Your answer should give again, exactly, the lines from the beginning of the entries below through the line containing "13. Призываем древнее". It must contain no pictures.

Records from a data collection
━━━━━━━━━━

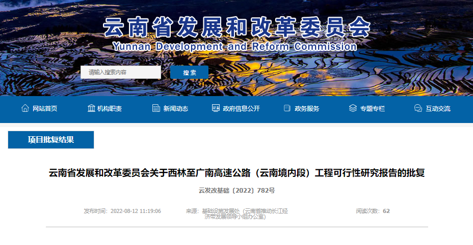 项目主线长40.223公里,起于广西壮族自治区与云南省交界处广南县坝美镇北侧老肖村,顺接拟建黔西南至西林高速公路建设项目止点,止于广南县城莲城镇者况村,通过者况枢纽互通连接在建泸西至丘北至广南至富宁高速公路冷水沟支线止点。主线按双向四车道高速公路标准建设,设计速度100公里/小时,路基宽度26米,汽车荷载等级采用公路—Ⅰ级,其他技术指标按照《公路工程技术标准》(JTG B01–2014)执行。
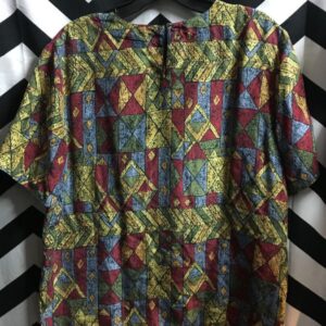 1990’S SILK BOXY PULLOVER TOP W/ GEOMETRIC PRINT
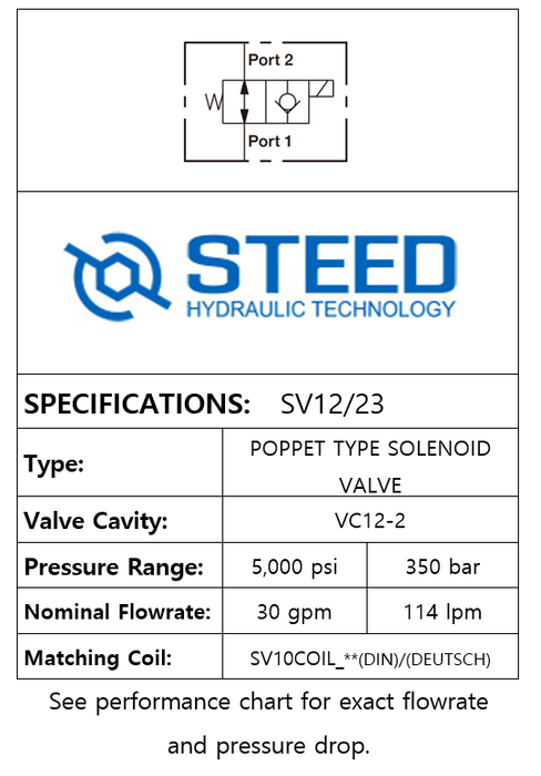 SV12/23 • SOLENOID VALVE ON/OFF 2-WAY 2-POSITION • SAE-12-2 • 350 BAR • 114 LPM • STEED
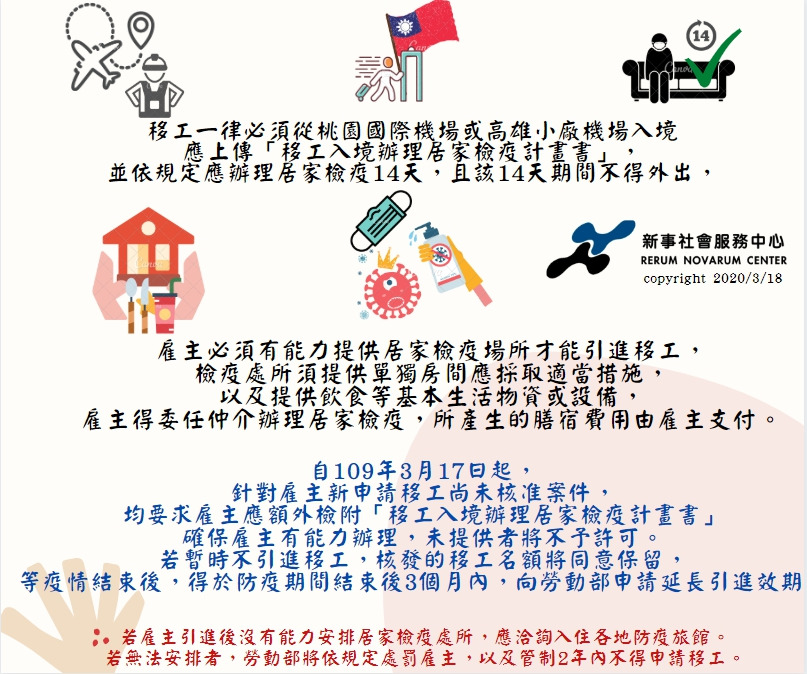 隨著新冠肺炎疫情全球的快速擴散,勞動部也對於聘僱國際移工的家庭、雇主及工廠公布更嚴謹的防疫相關措施,除了認真進行手部清潔、環境消毒及配戴口罩之外,有關入境移工和建議暫緩返國休假的最新措施,新事社會服務中心快速的整理各項重點,請雇主注意配合辦理相關事項喔:
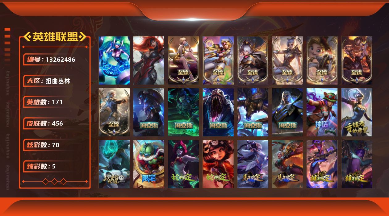 【11091028】[13262486]t29398【扭曲丛林】456皮肤 70炫彩 5臻彩 22神话/78限定/46传说/171英雄 账号等级:708【重要头像】爱情之歌 KDA萨勒芬妮 小斗 披萨鸡 送披萨的小姐姐希维尔 至臻奥术师佐伊 【重要皮肤】奥术师佐伊至臻 黑夜使者凯隐至臻 KDA伊芙琳至臻 KDA伊芙琳2022至臻 烈焰美人薇恩至臻 烈焰美人薇恩2022至臻
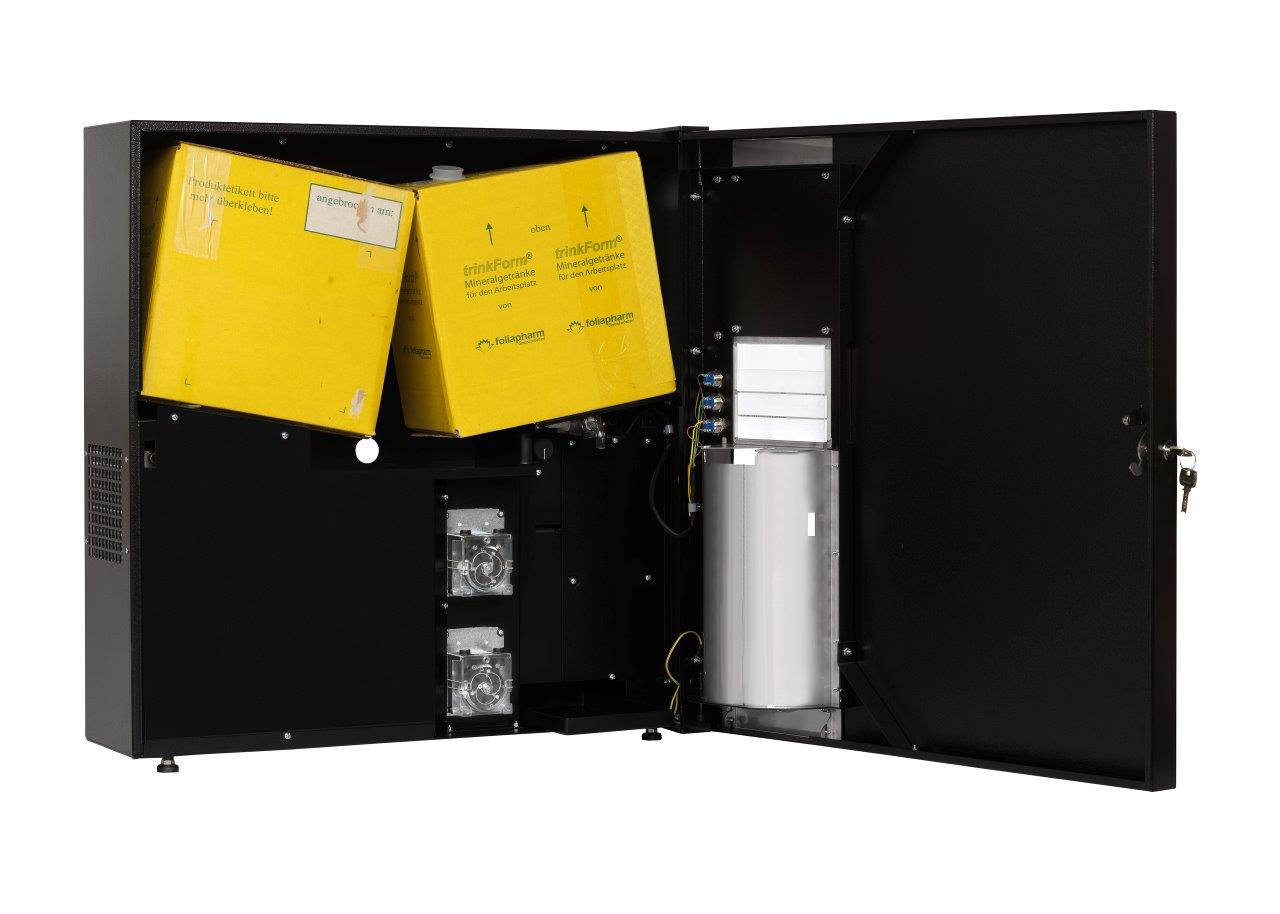 Unser Wandmodell wird direkt an der Wand installiert und bietet jetzt im Gerät Platz für 4x10 Liter Konzentrat Bag-in-Boxen + gekühltes Wasser. Der Getränkespender hat nicht nur ein unschlagbares, schlankes Design, sondern reinigt automatisch nach jeder Ausgabe für noch mehr Hygiene und ist einfach in der Handhabung. Vollelektronische Steuerung (Dosierung & Menge), hochwertige, robuste Materialien und vieles mehr…
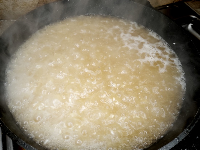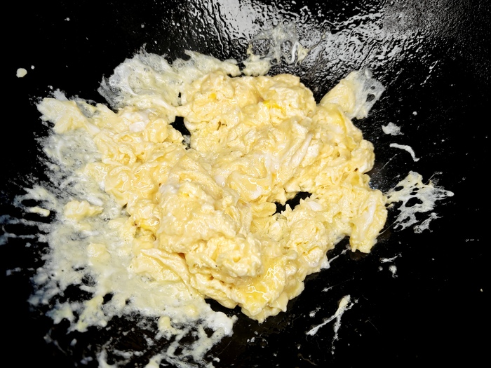 13. Призываем древнее зло - в смысле, достаем вок или казан. Так-то, необзятельно, но веселее. Наливаем в него масла для жарки, хорошенько разогреваем и плюхаем туда яйца (куриные). Обжариваем, перемешиваем, извлекаем из казана.
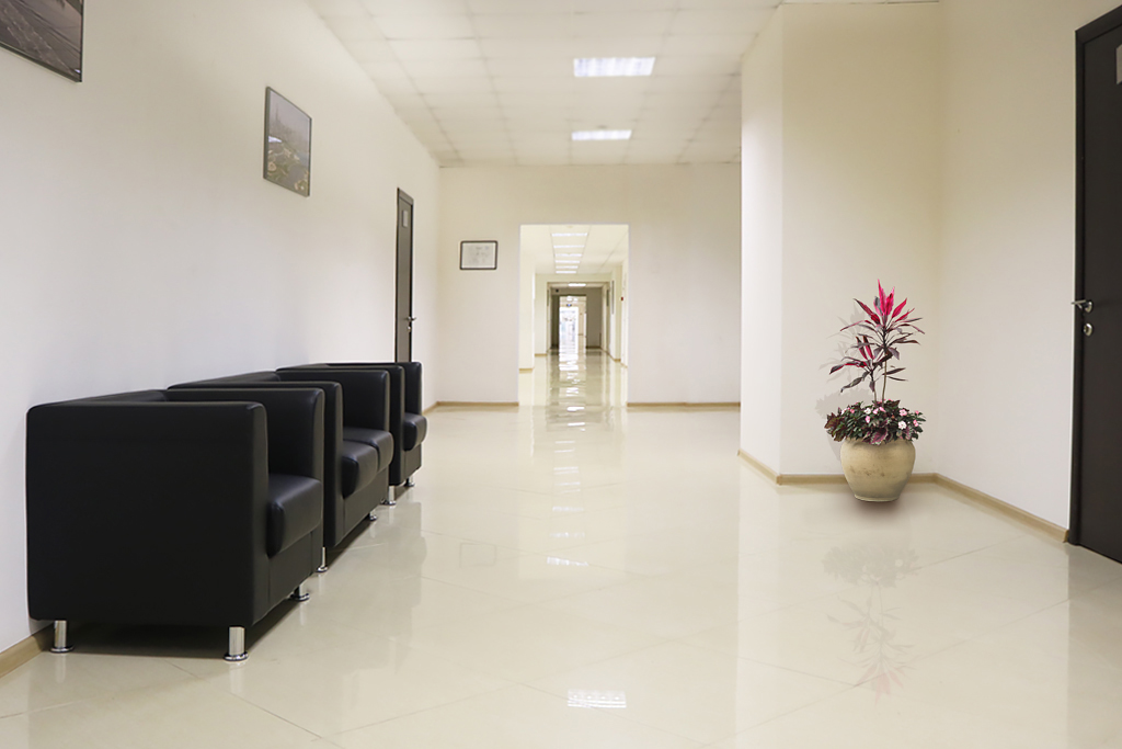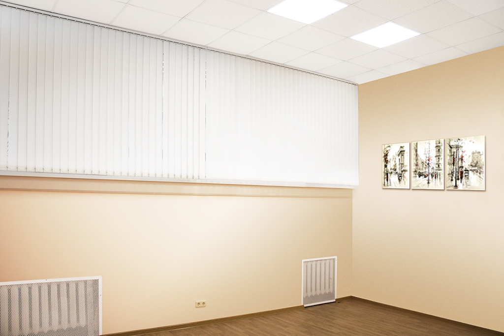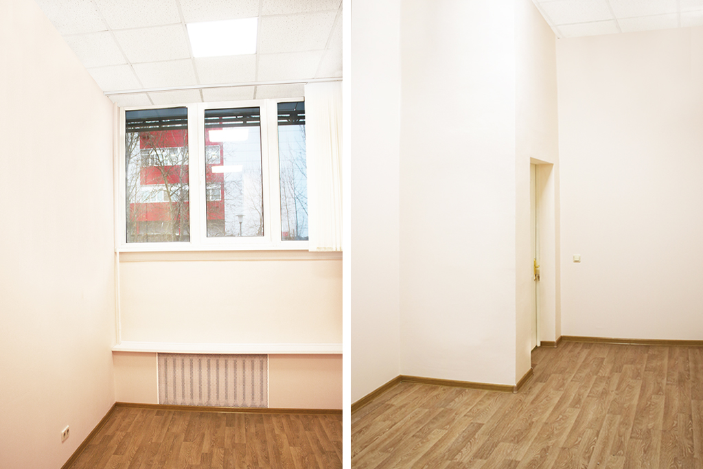 Отделка: ламинат, стены окрашены в бежевый цвет, армстронг
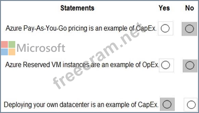 For each of the following statements, select Yes if the statement is true. Otherwise, select No. NOTE: Each correct selection is worth one point.

━━━━━━━━━━

REPLY TO THE TASK:
 项目主线长40.223公里,起于广西壮族自治区与云南省交界处广南县坝美镇北侧老肖村,顺接拟建黔西南至西林高速公路建设项目止点,止于广南县城莲城镇者况村,通过者况枢纽互通连接在建泸西至丘北至广南至富宁高速公路冷水沟支线止点。主线按双向四车道高速公路标准建设,设计速度100公里/小时,路基宽度26米,汽车荷载等级采用公路—Ⅰ级,其他技术指标按照《公路工程技术标准》(JTG B01–2014)执行。
 1990’S SILK BOXY PULLOVER TOP W/ GEOMETRIC PRINT
 SV12/23 • SOLENOID VALVE ON/OFF 2-WAY 2-POSITION • SAE-12-2 • 350 BAR • 114 LPM • STEED
 隨著新冠肺炎疫情全球的快速擴散,勞動部也對於聘僱國際移工的家庭、雇主及工廠公布更嚴謹的防疫相關措施,除了認真進行手部清潔、環境消毒及配戴口罩之外,有關入境移工和建議暫緩返國休假的最新措施,新事社會服務中心快速的整理各項重點,請雇主注意配合辦理相關事項喔:
 【11091028】[13262486]t29398【扭曲丛林】456皮肤 70炫彩 5臻彩 22神话/78限定/46传说/171英雄 账号等级:708【重要头像】爱情之歌 KDA萨勒芬妮 小斗 披萨鸡 送披萨的小姐姐希维尔 至臻奥术师佐伊 【重要皮肤】奥术师佐伊至臻 黑夜使者凯隐至臻 KDA伊芙琳至臻 KDA伊芙琳2022至臻 烈焰美人薇恩至臻 烈焰美人薇恩2022至臻
 Unser Wandmodell wird direkt an der Wand installiert und bietet jetzt im Gerät Platz für 4x10 Liter Konzentrat Bag-in-Boxen + gekühltes Wasser. Der Getränkespender hat nicht nur ein unschlagbares, schlankes Design, sondern reinigt automatisch nach jeder Ausgabe für noch mehr Hygiene und ist einfach in der Handhabung. Vollelektronische Steuerung (Dosierung & Menge), hochwertige, robuste Materialien und vieles mehr…
 13. Призываем древнее зло - в смысле, достаем вок или казан. Так-то, необзятельно, но веселее. Наливаем в него масла для жарки, хорошенько разогреваем и плюхаем туда яйца (куриные). Обжариваем, перемешиваем, извлекаем из казана.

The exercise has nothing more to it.